ImmunoGen Inc.
- Type: Subsidiary
- Traded as: Nasdaq: IMGN
- Industry: Biopharmaceuticals
- Founded: 1981; 45 years ago
- Defunct: 2024
- Fate: Acquired by AbbVie
- Headquarters: Waltham, Massachusetts, United States
- Revenue: ▲$65.2 million (2019)
- Number of employees: 75
- Website: www.immunogen.com

= ImmunoGen =

Biotechnology company

ImmunoGen, Inc. was a biotechnology company focused on the development of antibody-drug conjugate (ADC) therapeutics for the treatment of cancer. ImmunoGen was founded in 1981 and was headquartered in Waltham, Massachusetts.

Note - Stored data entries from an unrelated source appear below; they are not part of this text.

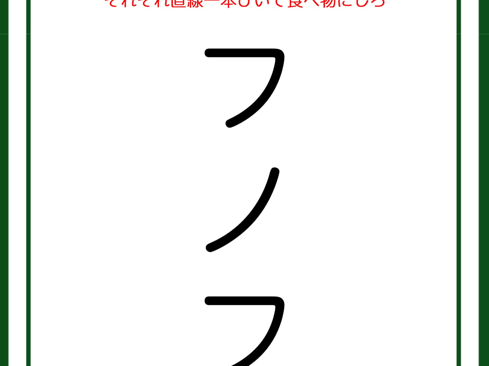 それぞれの文字に一本ずつ足して別のカタカナにして、食べ物の名前にする問題です。
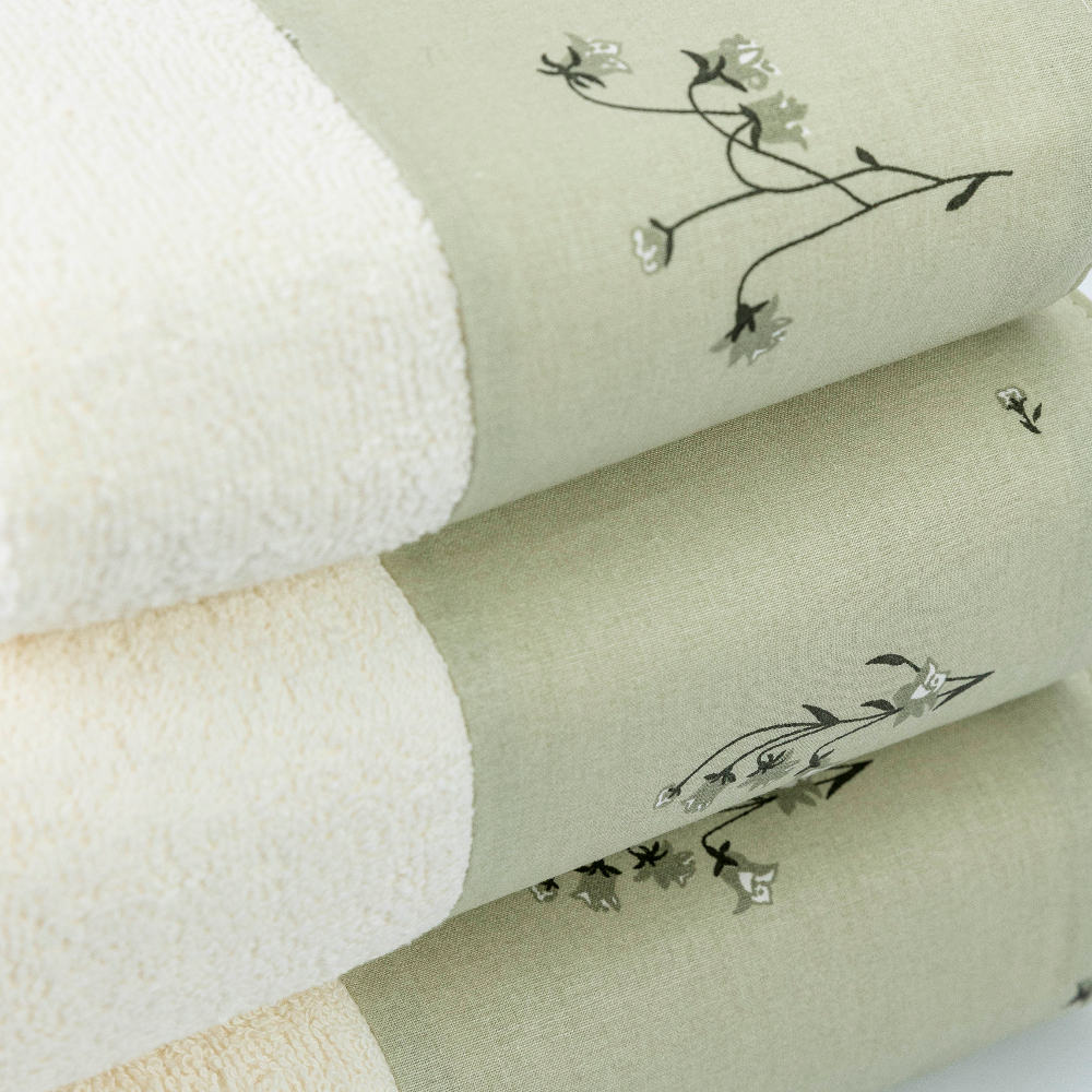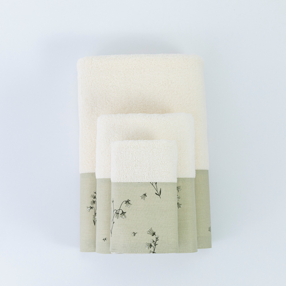 Σετ πετσέτες 3 τεμαχίων, μπάνιου, προσώπου και χειρός, από ύφασμα φροτέ, πενιέ, 100% βαμβακερό, με διακοσμητική φάσα ύφασμα. Διατίθεται σε 3 χρώματα.
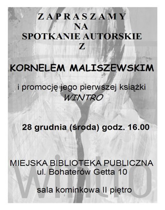 KulturaMiejska Biblioteka Publiczna w Nowej Rudzie na spotkanie autorskie z Kornelem Maliszewskim, który zadebiutował książką pt. "Wintro". Spotkanie odbędzie się w Sali Kominkowej biblioteki dnia 28 grudnia o godz. 16.00.
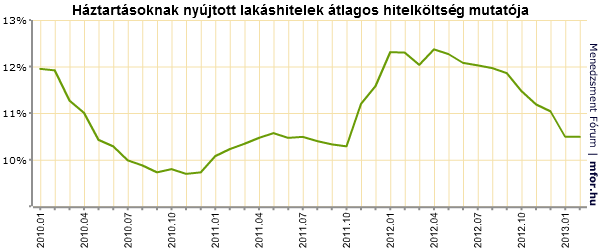 Előző hónapban még aut mutatták a számok, hogy hiába csökkennek a kamatok, a hitelköltség emelkedett, vagyis az egyéb, járulékos költségeket növelhették meg a bankok, vagy az alacsonyabb kamat ellenére is a hitelt igénylők a drágább termék felvételére jogosultak. Februárban ez már nem jellemző, mivel a felvett hitelek átlagos hitelköltsége stagnált januárhoz képest. Az akkori 10,5 százalék 10,49 százalékra mérséklődött, mint már kiderült, emelkedő átlagos kamat mellett.
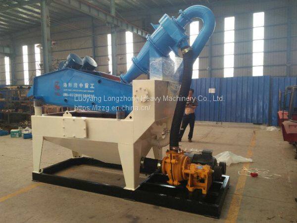 LZ series sand recycling system has absorbed foreign advanced technology, and designed combined with sand field actual situation. It is widely used in mud purification, artificial sand production line, hydropower station, sand aggregate system, glass raw material processing system, coarse slime recovery, and recycle fine material. It can effectively reduce the loss amounts of fine material; solve problems of end product such as relatively high fineness modulus and relatively low stone powder content. The fine material can be recycled as high as 95%, with incomparable technical and economic advantages.
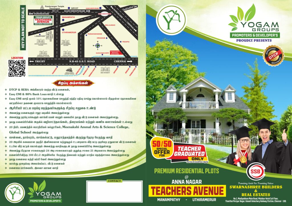 Chengalpattu is the most trending locality for those seeking to live in a calm and tranquil neighborhood. This is exactly where you will find Yogam Teachers Avenue which offers plots in Chengalpet. Developed by Yogam Properties this is one fine project that can be sought after for investment purposes as it has got a wonderful scope of development. Each plot is perfectly planned proportionately so that you can build opulent structures. The unit size of these plots ranges from 600 – 1000 Sq.Ft, perfect to build a residential or commercial block.
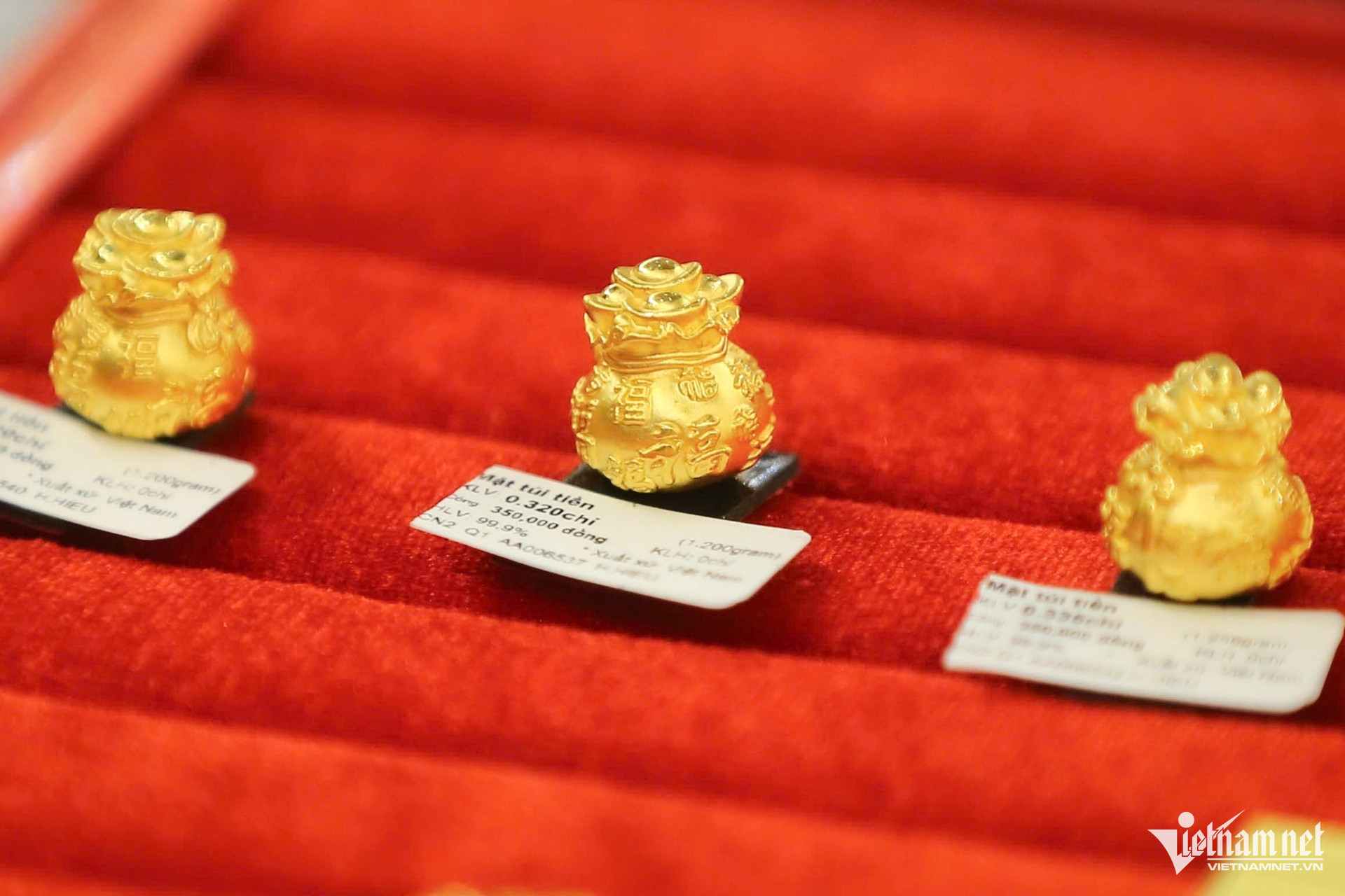 Bên cạnh sản phẩm quen thuộc như túi tiền, thỏi vàng, nữ trang hình linh vật rắn cũng được cửa hàng này tung ra thị trường. Tại Công ty cổ phần Tập đoàn Vàng bạc đá quý Doji, lúc 8h sáng nay, giá vàng miếng SJC niêm yết mức 86,5-90 triệu đồng/lượng (mua - bán). Đến 9h sáng, giá vàng miếng SJC tại đây được điều chỉnh tăng, ở mức 86,8-90,3 triệu đồng.
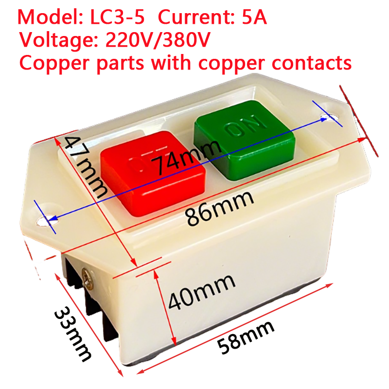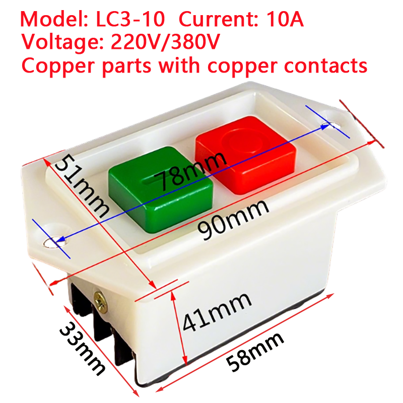 The LC3-10 button utilizes a bridge-type contact structure with silver alloy contacts, ensuring reliable electrical connections. It is capable of directly controlling small three-phase motors and is commonly used in industrial equipment in sectors such as food processing, packaging, and textiles.
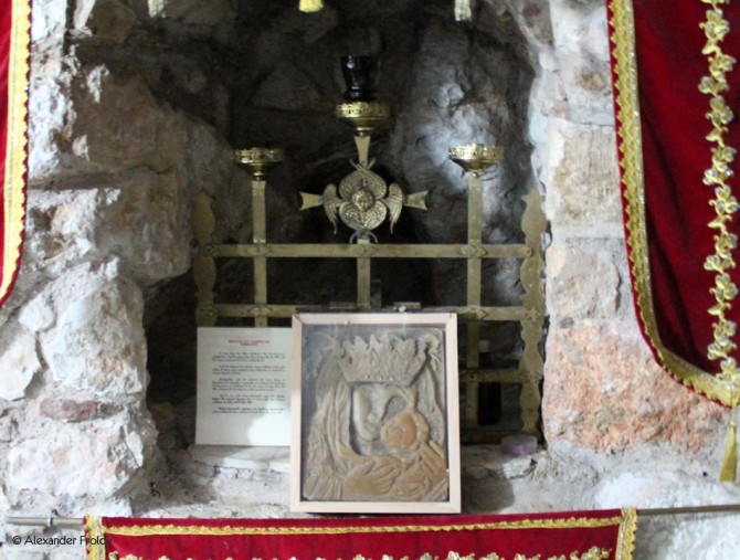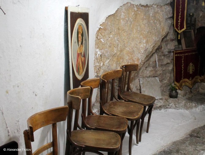 Its name to begin with, Panagia Katakekrimmeni (katakekrimmeni in English means something like “Very Well Hidden”), derives from the wonderful icon of Virgin Mary, which was hidden in the cave of the rock (over which the church was later built) and was found in a miraculous way. According to the tradition, either a powerful sparkle in the middle of the night leaded the Christians to this spot or a faithful man saw a relative dream and leaded the priests there. In any case, after they found the icon, they decided to build there a church. Today, the miraculous icon is placed in a wooden carved canopy inside the church and it is considered as an excellent sample of hagiography. The monastery is also known as Portokalousa (something like “Lady of oranges”) due to the old local custom according to which the villagers were throwing oranges to each other and especially to the newlywed couples on the day of the Presentation of Virgin Mary (November 21).
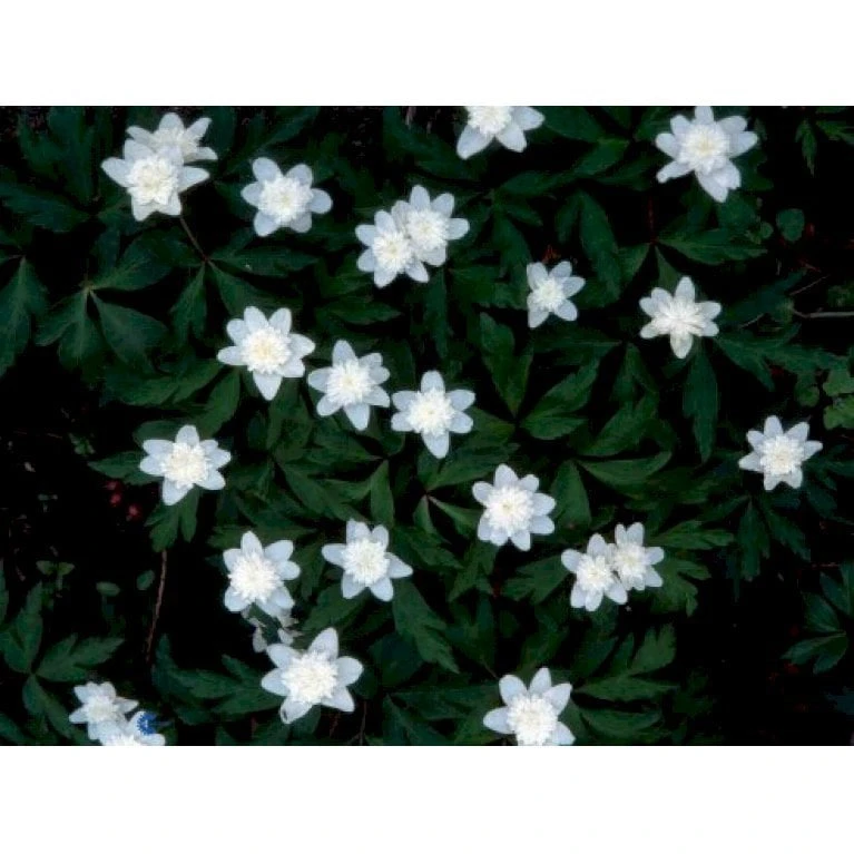 April-maj. Rent hvide, stærkt fyldte blomster på tynde stilke over det fligede løv.
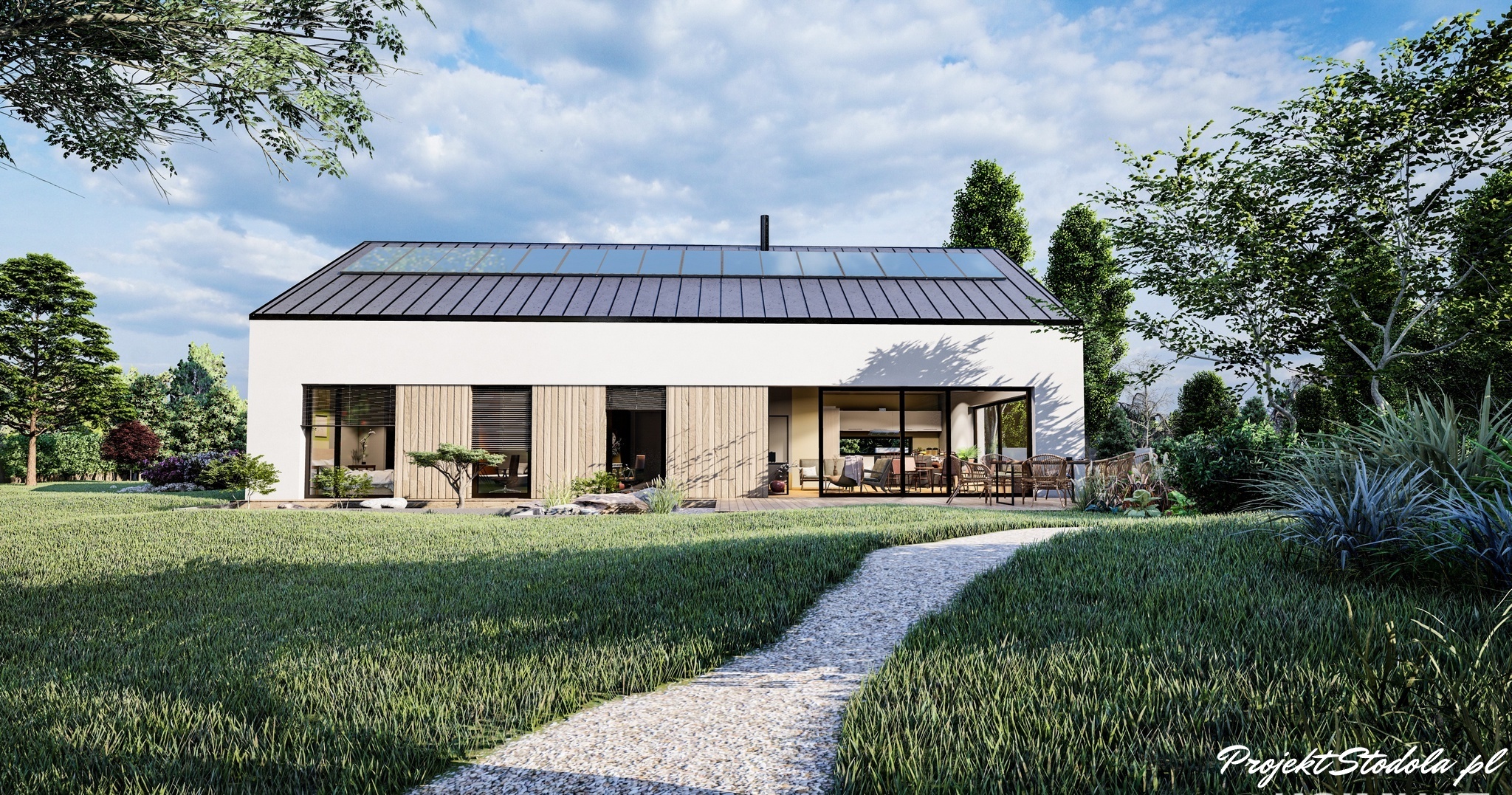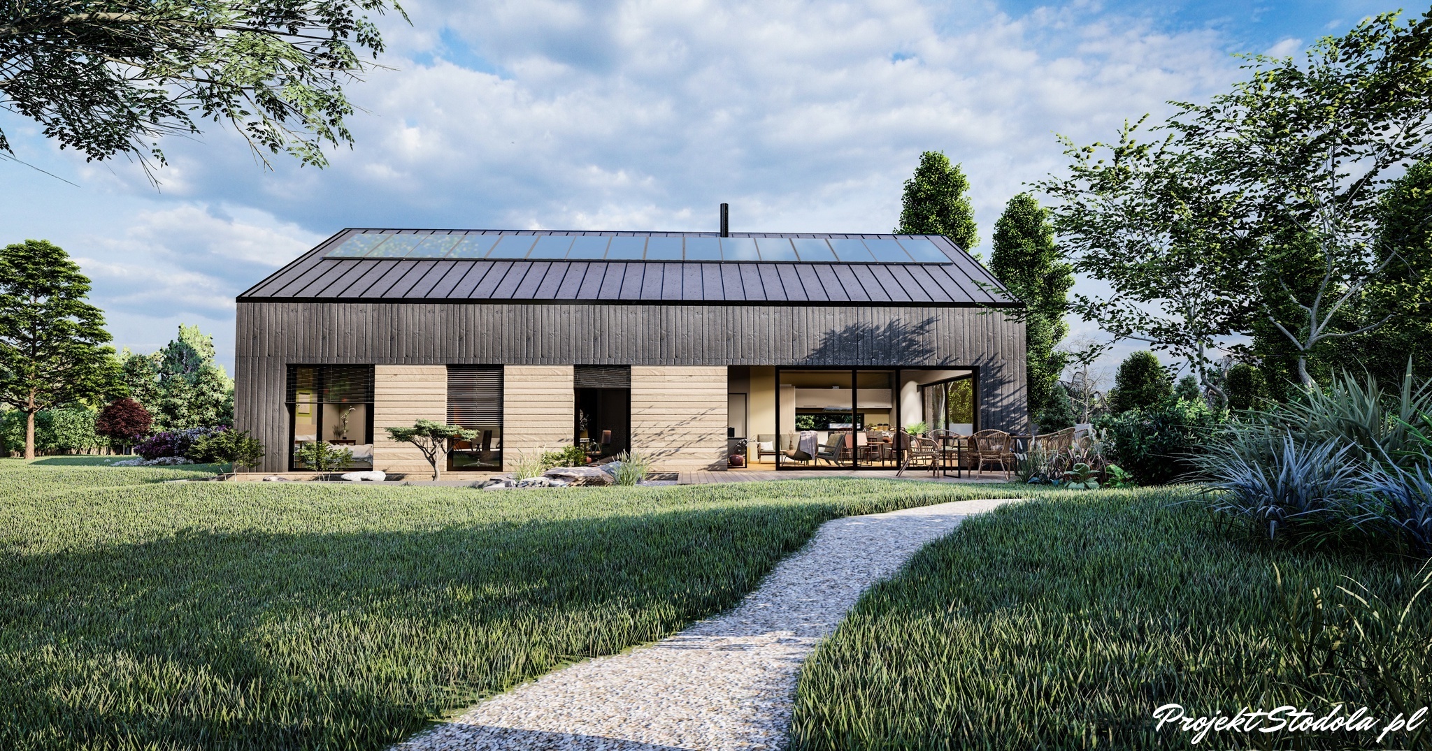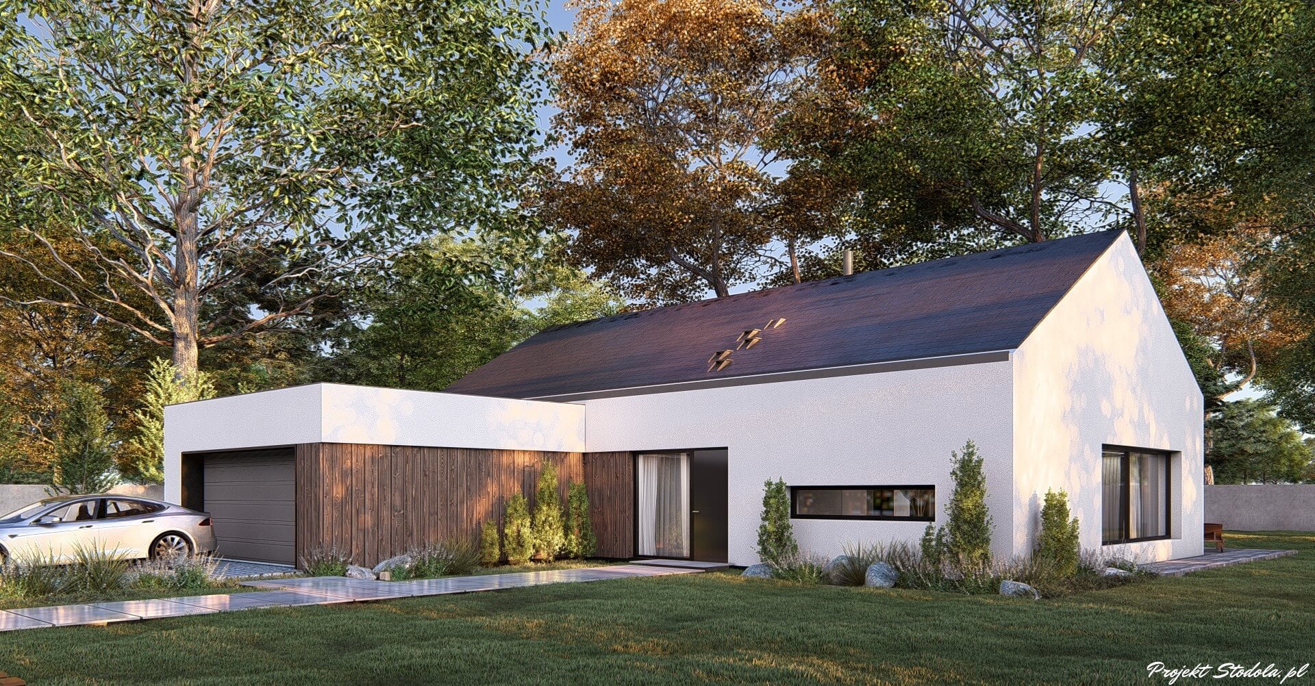 Prosty dom parterowy typu nowoczesna stodoła, na planie prostokąta, przykryty dwuspadowym, symetrycznym dachem, o kącie nachylenia 30°. Budynek utrzymany w jednolitej i minimalistycznej stylistyce. Wyeliminowano akcenty w formie zadaszeń, okapów, by budynek był uniwersalny, ale przede wszystkim nie generował dodatkowych kosztów podczas budowy.
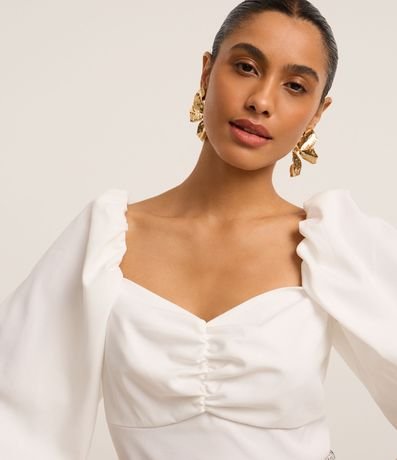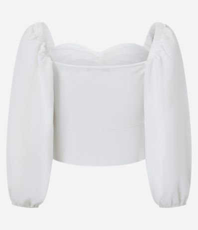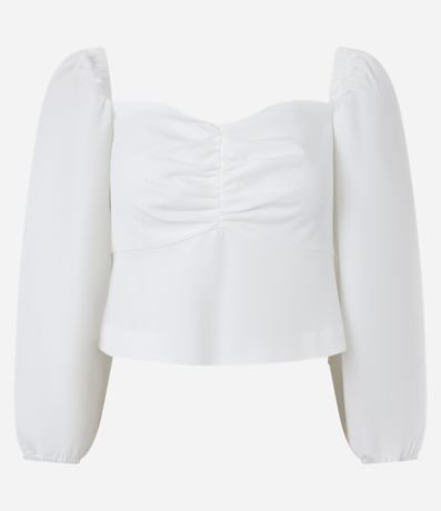Blusa de mangas bufantes longas, confeccionada em crepe, com decote coração. A peça tem franzido no busto e elásticos nas cavas.

An ImmunoGen ADC contains a manufactured antibody that binds to a target found on cancer cells, with one of the company's potent cell-killing agents attached as a "payload". The antibody serves to deliver the cell-killing agent specifically to cancer cells bearing its target and the payload serves to kill these cells. In some cases, the antibody also has anticancer activity.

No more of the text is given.